The relationship came to an end when Bulger vanished in 1994, tipped off about impending charges. The warning came from his longtime FBI handler, Special Agent John Connolly, who’s now serving 50 years in prison for crimes linked to Bulger, including murder.

John Morris, Connolly’s supervisor at the agency, was also implicated. He got immunity from prosecution by admitting he accepted cash from Bulger in exchange for protecting him. Morris testified against Connolly and was a witness against Bulger.

Special Prosecutor

In 1999, then-Attorney General Janet Reno appointed Special Prosecutor John Durham to investigate wrongdoing involving the FBI’s ties with Bulger. While the probe led to Connolly’s conviction, the Justice Department never made the report public.

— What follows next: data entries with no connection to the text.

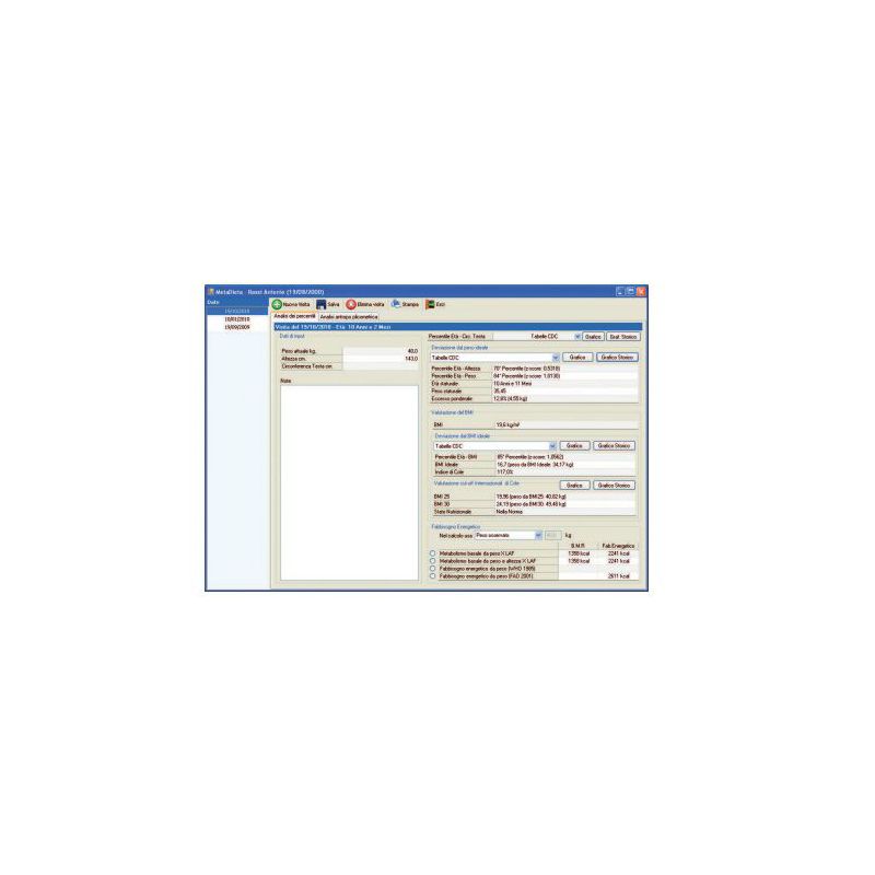 Permite realizar a história clínica detalhada, com o apoio de uma base de dados abrangente de fotos de alimentos e porções, constantemente atualizada e implementada com os valores das principais bases de dados oficiais italianas (INRAN / revisão IEO 2008 / ADI).
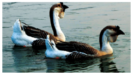 特征特性 : 品种体型硕大 ,羽毛灰褐色 ,腹羽灰白色。胫蹼桔红色略带黑斑。 肉瘤、 喙黑色。 成年体重公鹅10 - 12千克,母鹅 8 -10 千克。母鹅开产日龄在 200- 240 天,种鹅利用年限为 4-5 年,盛产期为第二至第四年。
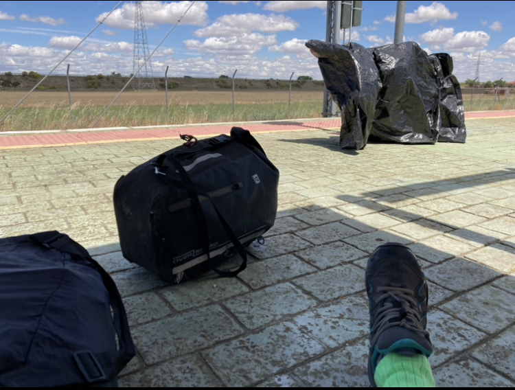 En un acto desesperado por llegar a la hora y al lugar pactados, varié la ruta para intentar atajar y Google me mandó entre campos de trigo por el Camino de la Bernardina, un sendero de tierra y cantos rodados en medio de un paraje desolado y desierto, no exento de belleza -pero yo en esos momentos estaba agotada y muerta de calor. Me cagué, literalmente, en todo: me dio una pájara, insolación, ataque de ansiedad, o qué sé yo, en ese mismo momento, y mi sistema entero me pidió evacuar todo lo que llevaba dentro. Vomité y descomí entre los trigos, alejada de la vista de todos, y entonces me sentí infinítamente mejor. Bebí, comí algo de la fruta que llevaba conmigo y entonces ya sí, ligera como el viento y con energía renovada retomé el camino de tierra y luego, ya en la carretera P-901, me deslicé rauda hasta Palencia y esta guiri con sombrero logró llegar in extremis a la estación a conocer a David.
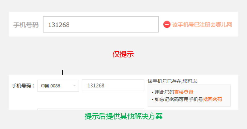 用户出现错误时除了提供及时的错误提示外,还可以清楚的说明原因并提供有效的解决方案。例如用户在填写邮箱时,系统发现该邮箱已注册,可为用户提供登录入口等。
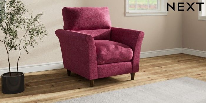 7.3.1 Buy Hartley Highback Relaxed Sit Armchair Cotswold Chenille Dark Raspberry Pink Low Conical - Mid from the Next UK online shop
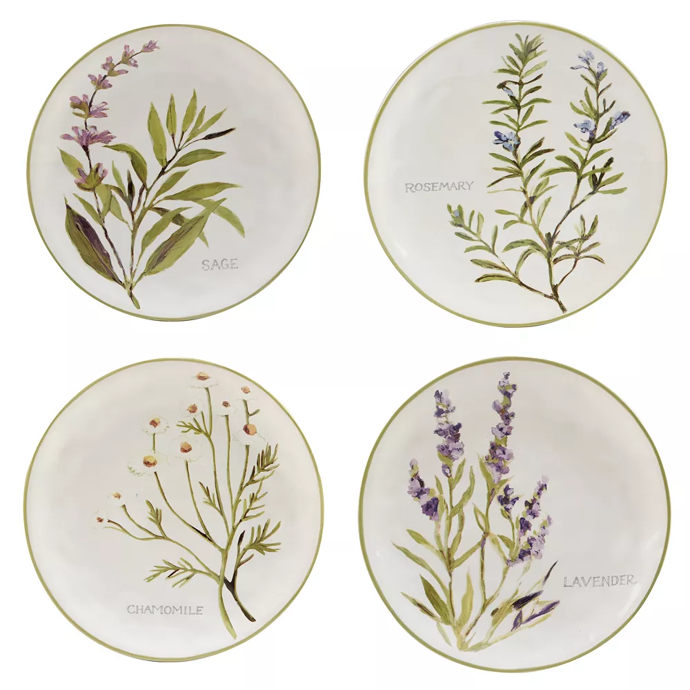 Lovely watercolor-inspired herbs decorate this Certified International Fresh Herbs salad plate set, the perfect choice for any gardener’s kitchen.
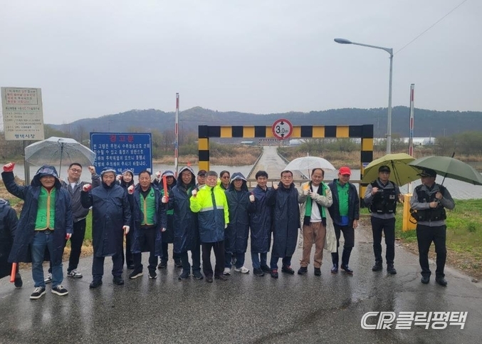 평택시 진위면 자율방재단은 지난 9일 방재단원과 공무원 등 30여 명이 참여한 가운데 진위천 세월교에서 집중호우 대비 실제 상황을 가상한 교량 통제 모의훈련을 실시했다.
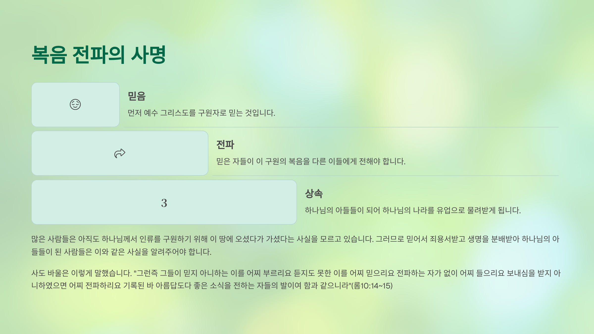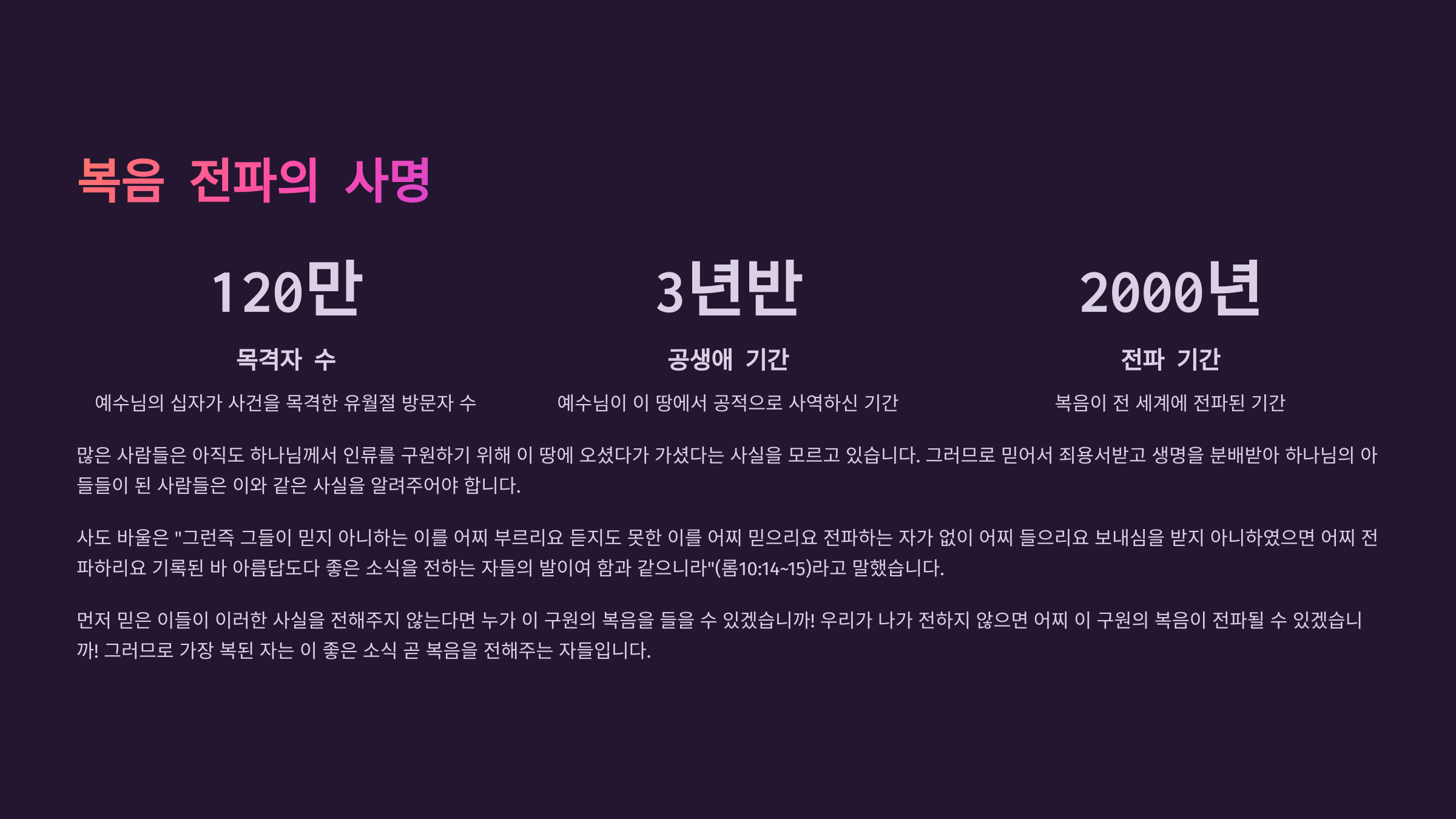 그렇다. 먼저 믿은 이들이 이러한 사실을 전해주지 않는다면 누가 이 구원의 복음을 들을 수가 있겠는가! 우리가 나가지 전하지 않으면 어찌 이 구원의 복음이 전파될 수 있겠는가! 그러므로 가장 복된 자는 이 좋은 소식 곧 복음을 전해주는 자들이다. 우리 주 예수께는 소수의 어떤 사람들만 알다가 전파된 이가 아니다. 그분이 이 땅에 오셔서 공생애를 3년반동안 사셨다는 것은 당시의 역사를 기록한 책들에게서도 발견된다. 특히 당시 유대인들은 유월절을 지키러 세계 곳곳에서 왔다가 예수께서 십자가에서 피흘려 죽으시는 것을 다 지켜보았다. 그 숫자가 120만명 정도였다고 한다. 그러니 하나님께서 이 땅에 오셨다가 인류의 죄를 속죄하고 다시 하늘로 돌아가셨다는 사실을 지금까지 아무도 부인하지 못한다. 다만 그분을 하나님이셨다는 사실을 모르고 있을 뿐이다. 하나님께서 인류의 죄를 속량하기 위해 그렇게 피흘려 죽으셨던 사실을 잘 모르고 있을 뿐이다. 그러므로 빨리 이러한 사실을 전해주어야 한다. 그래서 모든 사람이 인간을 만드신 창조주께서 인류를 위해 대신 죽으심으로 인류가 자신의 죄를 용서받고 성령으로부터 생명을 받아 하나님의 아들들이 될 수 있다는 사실을 알려주어야 한다. 그리고 이땅에 오신 주 예수님과 복음전파를 위해 수고한다면 천국에 들어갔을 때에 그가 하나님의 나라를 유업으로 물려받을 수 있는 하나님의 상속자가 된다는 것도 알려주어야 한다. 이게 바로 이미 믿은 자들 모두에게 주어진 사명인 것이다.
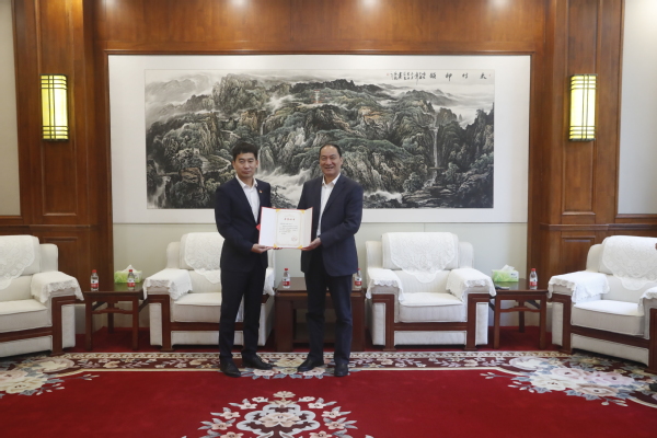 副校长王延峰为蜜雪冰城代表颁发捐赠证书
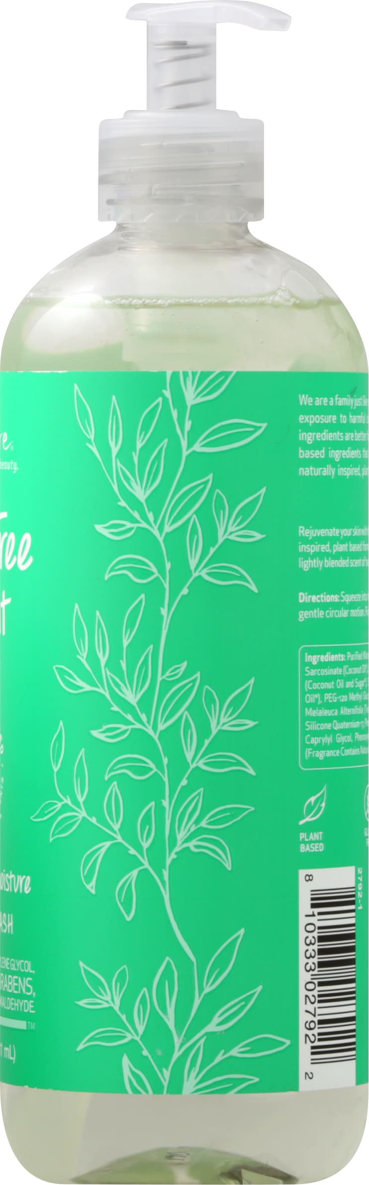 Purified Water, Cocamidopropyl Betaine (Coconut Oil (Derives Source)), Sodium Lauroyl Sarcosinate (Coconut Oil (Derives Source)), Lauryl Glucoside (Coconut Oil and Sugar (Derives Source)), Decyl Glucoside (Coconut Oil and Sugar), Sodium Lauroyl Lactylate (Palm Oil), Glycerin (Vegetable Oil (Derives Source)), PEG-120 Methyl Glucose Dioleate (Rapeseed Oil (Derives Source)), Methyl Gluceth-10 (Sugar (Derives Source)), Melaleuca Alternifolia (Tea Tree (Derives Source)), Leaf Oil, Polysorbate 20 (Coconut Oil & Sugar (Derives Source)), Silicone Quaternium-17, Phenethyl Alcohol, Polyquaternium-10, Citric Acid (Fruit Acid (Derives Source)), Caprylyl Glycol, Phenoxyethanol, Ethylhexylglycerin, Fragrance, (Fragrance Contains Natural Mint)
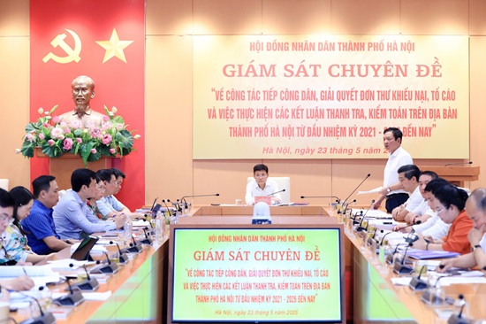 Sáng 23/5/2025, tại trụ sở Đoàn ĐBQH và HĐND Thành phố, Đoàn giám sát của HĐND thành phố Hà Nội do Phó Chủ tịch HĐND thành phố Phạm Quí Tiên làm Trưởng đoàn đã làm việc với Thanh tra thành phố về công tác tiếp công dân, giải quyết đơn thư khiếu nại, tố cáo (KNTC) và việc thực hiện các kết luận thanh tra, kiểm toán trên địa bàn thành phố từ đầu nhiệm kỳ 2021-2026 đến nay.
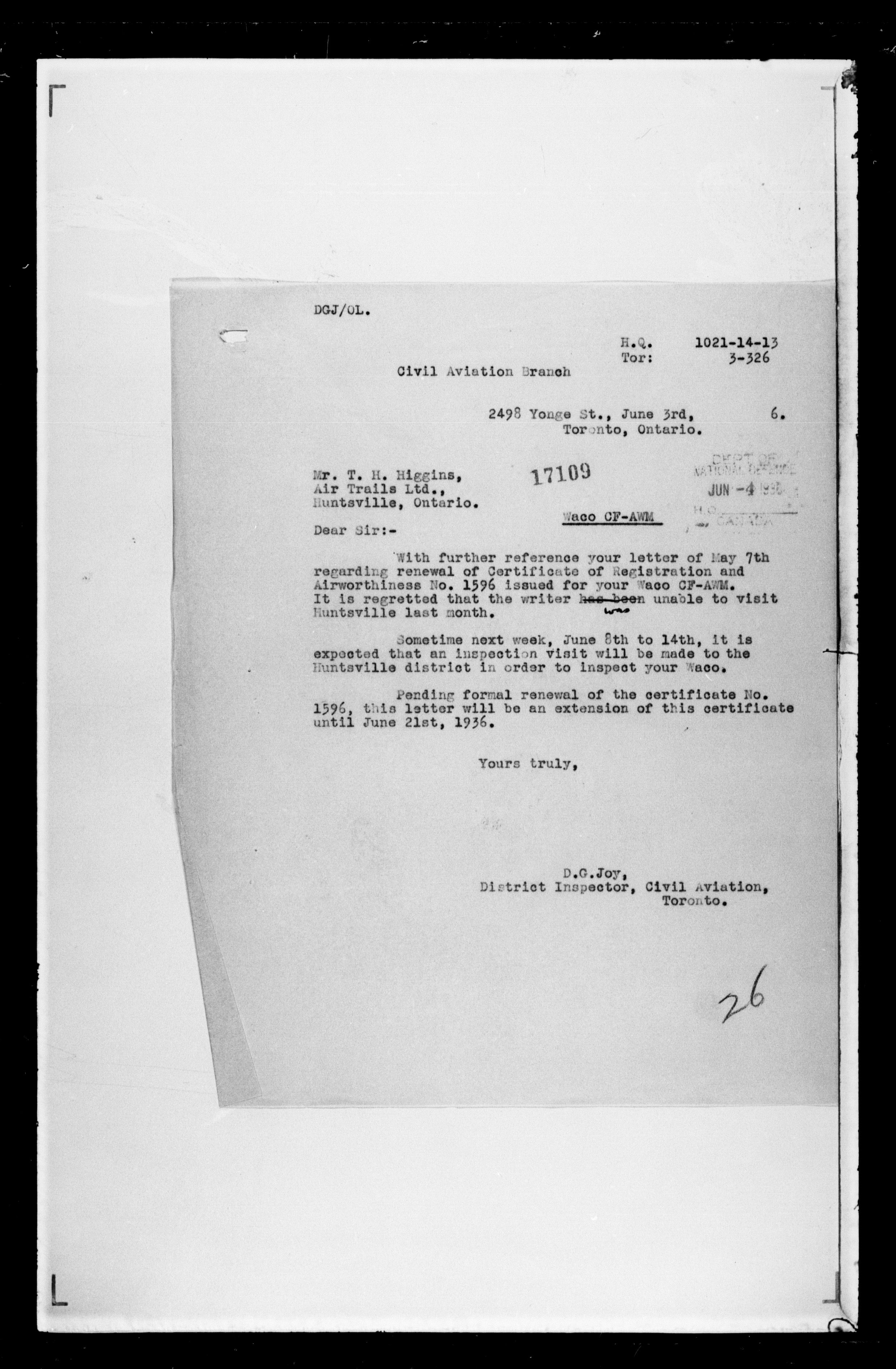 Department of Transport : Civil aircraft registration, inspection and operation files, block 5008, 1920-1986 - 7444

Brennan told jurors they could use their verdict to punish the government for the FBI’s dealings with criminals.

“At what point as citizens do we say, ‘You know what? There has to be accountability,’” Brennan said.

Wyshak, the prosecutor, said the defense team was wrong to make the trial about government corruption.

“They’re asking you to send some message about how the big bad government needs to learn a lesson from this case,” Wyshak said to the jury. “That would be a violation of your oath.”

The case is U.S. v. Weeks, 99-cr-10371, U.S. District Court, District of Massachusetts (Boston).